Section 7.2.4.2. Scintillation detectors

One of the most widely used total flux detectors is a scintillator, the output from which is coupled into a photomultiplier by a light-pipe. In the first stage, an incident electron deposits its energy in the scintillator, producing a number of light photons with an energy deficiency of up to ∼20% (Herrmann, 1984). By careful design of the light-pipe, an appreciable fraction of the photons will reach the photomultiplier, which should have a photocathode whose quantum yield peaks around the wavelength of the photons from the scintillator. Even though the quantum yield of the photocathode is likely to be < 0.2, the number of photoelectrons emerging from the photocathode for each electron incident on the scintillator should be considerably greater than unity, provided the incident electron energy exceeds ~10 keV. With lower-energy electrons, it is advantageous to provide an additional acceleration onto the scintillator to ensure that an adequate number of photons is generated.

Following the production of photoelectrons, considerable multiplication takes place down the dynode chain of the photomultiplier and a current pulse may easily be detected at the anode. Electron counting is therefore a possibility and to take advantage of this over as wide a current range as possible scintillators with very fast decay times (10⁻⁸ to 10⁻⁷ s) should be used. Such scintillators have the additional advantage that they may be used in systems where beam scanning is performed at TV rates.

When the rate of arrival of electrons at the detector appreciably exceeds 10⁶  s⁻¹, it becomes increasingly difficult to distinguish the output from individual electrons and the detector must be operated in an analogue mode. Despite this, the individual electron pulse-height distributions from good scintillators are sufficiently narrow that values of DQE greater than 0.8 may be obtained (Chapman & Morrison, 1984). Scintillators meeting both speed and pulse-height distribution requirements include plastics (e.g. Nuclear Enterprise NE102A) and Ce-doped YAG (Schauer & Autrata, 1979). It should be noted that the materials discussed in Subsection 7.2.3.1 are generally un­suitable for fast detector systems because of their relatively long time constants and the existence of an afterglow that persists for several seconds.

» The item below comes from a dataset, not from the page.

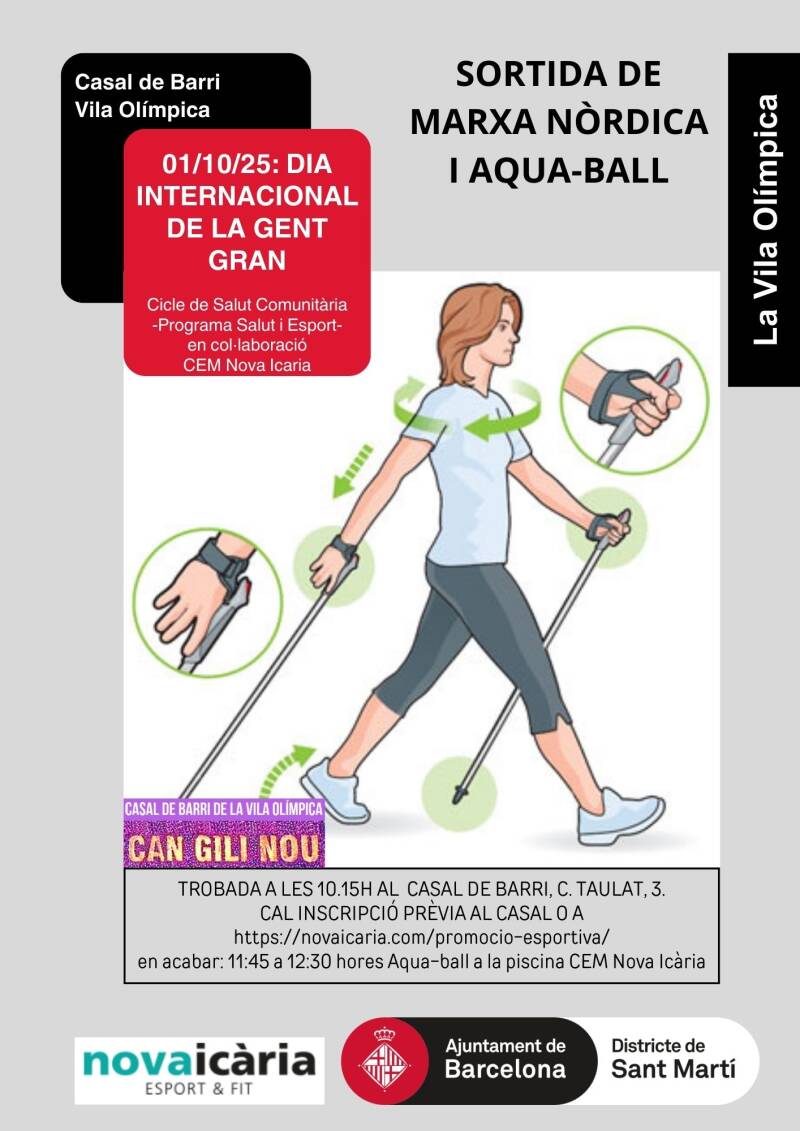 10:30 a 11:30 hores Marxa Nòrdica amb Montse Jansana- Punt d’inici 10:15 al Casal de barri i punt final CEM Nova Icària – 15 PLACES DISPONIBLES

To handle the large dynamic range encountered in diffraction patterns, it is advantageous to use a detector system capable of both counting the arrival of individual electrons and making analogue current measurements. Such a system, which allows signals whose magnitudes differ by a factor of 10⁸ to be recorded with a high DQE in a single scan, has been described by Craven & Buggy (1984). More general advantages of detector systems based on scintillation counters are their desirable input/output characteristics, which are essentially linear, and the fact that a quantitative measure of electron intensity is directly available in a form suitable for input to a computer. Analysis of the data may thus begin as soon as its collection is completed.

The susceptibility to radiation damage of many high-efficiency scintillators, resulting in a diminution of light output with increasing use, is probably the major disadvantage of these detectors. Of importance in some instances is the fact that the entire detection system is relatively bulky and it may not always be possible to position it satisfactorily within the apparatus.